● Problem to solve:
The output is the lines below from the one with "Created by King" through the one with "How fabulous you", both included, printed exactly and with no other line.

● Task input:
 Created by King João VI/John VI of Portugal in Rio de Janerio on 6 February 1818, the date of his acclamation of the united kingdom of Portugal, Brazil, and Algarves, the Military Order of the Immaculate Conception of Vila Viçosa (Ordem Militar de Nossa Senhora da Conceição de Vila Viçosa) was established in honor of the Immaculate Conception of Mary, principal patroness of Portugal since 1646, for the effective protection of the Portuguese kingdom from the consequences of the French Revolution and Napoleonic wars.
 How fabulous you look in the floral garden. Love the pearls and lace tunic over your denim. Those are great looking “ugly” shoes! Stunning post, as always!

...

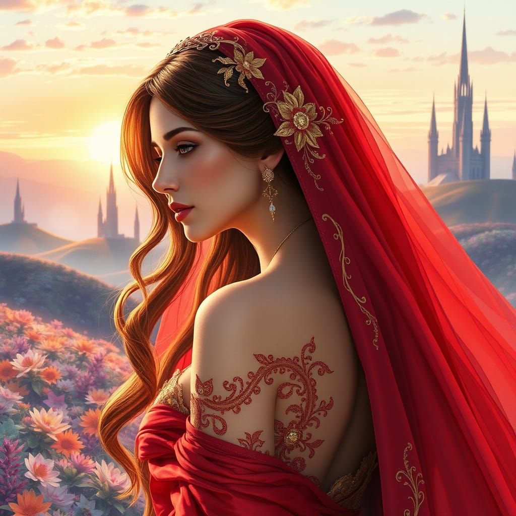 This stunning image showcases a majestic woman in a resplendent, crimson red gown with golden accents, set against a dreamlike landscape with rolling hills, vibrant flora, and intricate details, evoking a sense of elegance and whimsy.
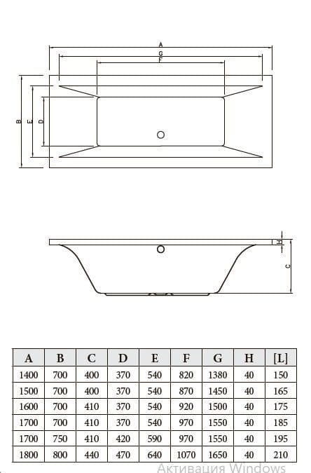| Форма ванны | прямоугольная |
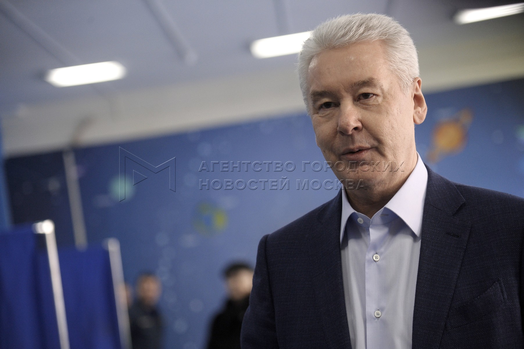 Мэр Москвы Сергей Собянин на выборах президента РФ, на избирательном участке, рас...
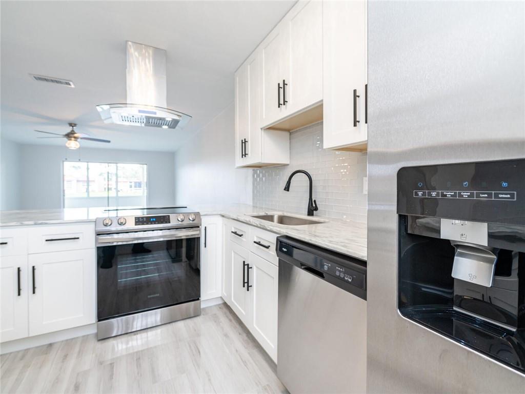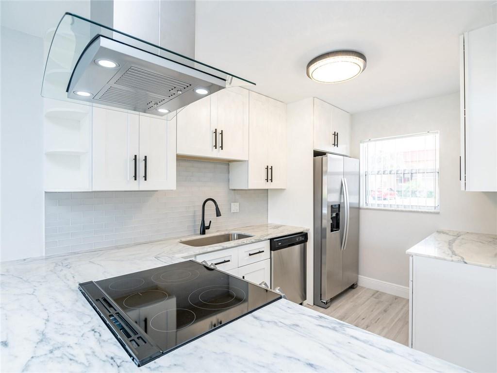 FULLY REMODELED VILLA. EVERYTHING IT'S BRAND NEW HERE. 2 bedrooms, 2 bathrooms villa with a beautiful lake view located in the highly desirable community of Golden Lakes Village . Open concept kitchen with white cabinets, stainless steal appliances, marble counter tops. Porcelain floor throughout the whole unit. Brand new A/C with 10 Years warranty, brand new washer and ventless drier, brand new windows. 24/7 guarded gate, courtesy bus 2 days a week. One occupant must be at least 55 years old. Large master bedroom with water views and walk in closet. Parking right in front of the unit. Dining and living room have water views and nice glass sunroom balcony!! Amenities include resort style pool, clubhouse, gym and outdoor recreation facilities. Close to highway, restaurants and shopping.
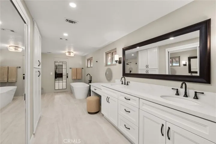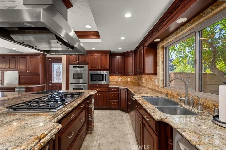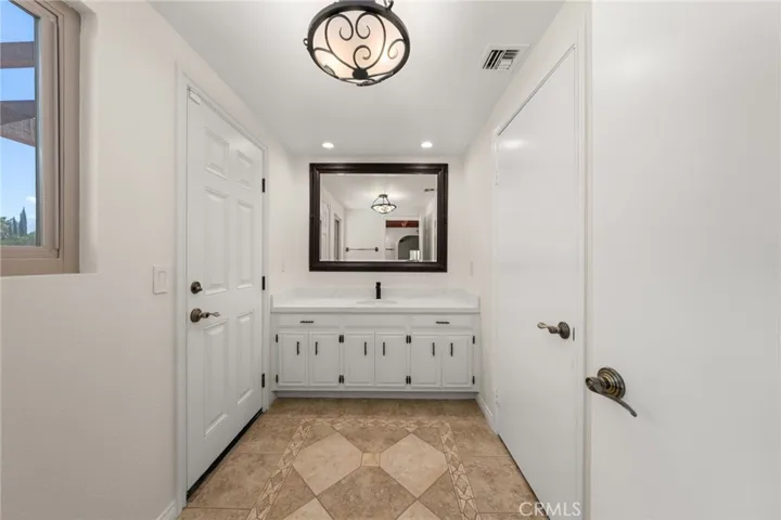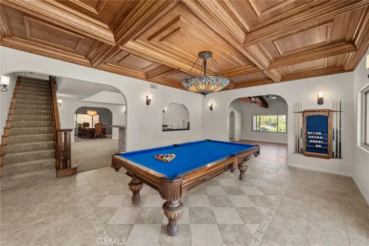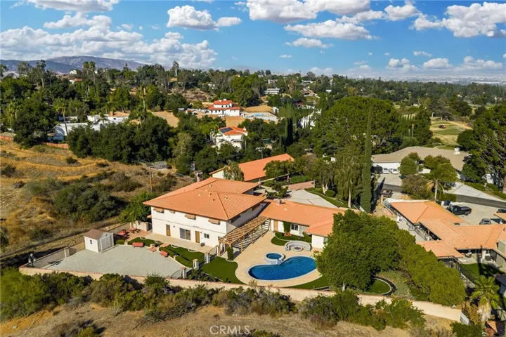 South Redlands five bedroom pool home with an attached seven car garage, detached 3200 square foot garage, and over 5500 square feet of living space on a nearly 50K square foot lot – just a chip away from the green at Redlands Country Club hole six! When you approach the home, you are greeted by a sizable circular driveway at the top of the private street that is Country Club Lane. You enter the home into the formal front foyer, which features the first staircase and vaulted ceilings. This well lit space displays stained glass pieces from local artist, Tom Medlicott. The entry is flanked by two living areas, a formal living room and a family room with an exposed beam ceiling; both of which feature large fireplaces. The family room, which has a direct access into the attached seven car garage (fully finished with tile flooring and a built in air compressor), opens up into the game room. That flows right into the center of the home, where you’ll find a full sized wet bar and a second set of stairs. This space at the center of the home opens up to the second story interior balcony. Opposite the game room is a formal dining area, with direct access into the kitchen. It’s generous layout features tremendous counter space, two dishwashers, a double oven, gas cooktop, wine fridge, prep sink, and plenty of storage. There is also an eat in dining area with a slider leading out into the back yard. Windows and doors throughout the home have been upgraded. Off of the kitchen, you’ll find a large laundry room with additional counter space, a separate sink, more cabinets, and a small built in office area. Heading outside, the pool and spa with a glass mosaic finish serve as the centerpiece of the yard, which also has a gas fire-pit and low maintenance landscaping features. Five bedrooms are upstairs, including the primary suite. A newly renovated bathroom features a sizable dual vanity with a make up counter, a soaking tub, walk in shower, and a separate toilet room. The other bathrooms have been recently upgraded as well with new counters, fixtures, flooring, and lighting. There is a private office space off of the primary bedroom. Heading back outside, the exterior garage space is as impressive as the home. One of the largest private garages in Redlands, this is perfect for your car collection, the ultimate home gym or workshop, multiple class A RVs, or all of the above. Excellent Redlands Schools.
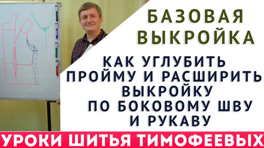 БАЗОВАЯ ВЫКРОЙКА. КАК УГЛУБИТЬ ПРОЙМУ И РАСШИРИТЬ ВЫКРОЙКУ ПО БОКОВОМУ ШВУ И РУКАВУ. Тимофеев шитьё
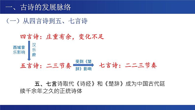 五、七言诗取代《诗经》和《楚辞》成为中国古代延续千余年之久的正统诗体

● Answer space:
 Created by King João VI/John VI of Portugal in Rio de Janerio on 6 February 1818, the date of his acclamation of the united kingdom of Portugal, Brazil, and Algarves, the Military Order of the Immaculate Conception of Vila Viçosa (Ordem Militar de Nossa Senhora da Conceição de Vila Viçosa) was established in honor of the Immaculate Conception of Mary, principal patroness of Portugal since 1646, for the effective protection of the Portuguese kingdom from the consequences of the French Revolution and Napoleonic wars.
 How fabulous you look in the floral garden. Love the pearls and lace tunic over your denim. Those are great looking “ugly” shoes! Stunning post, as always!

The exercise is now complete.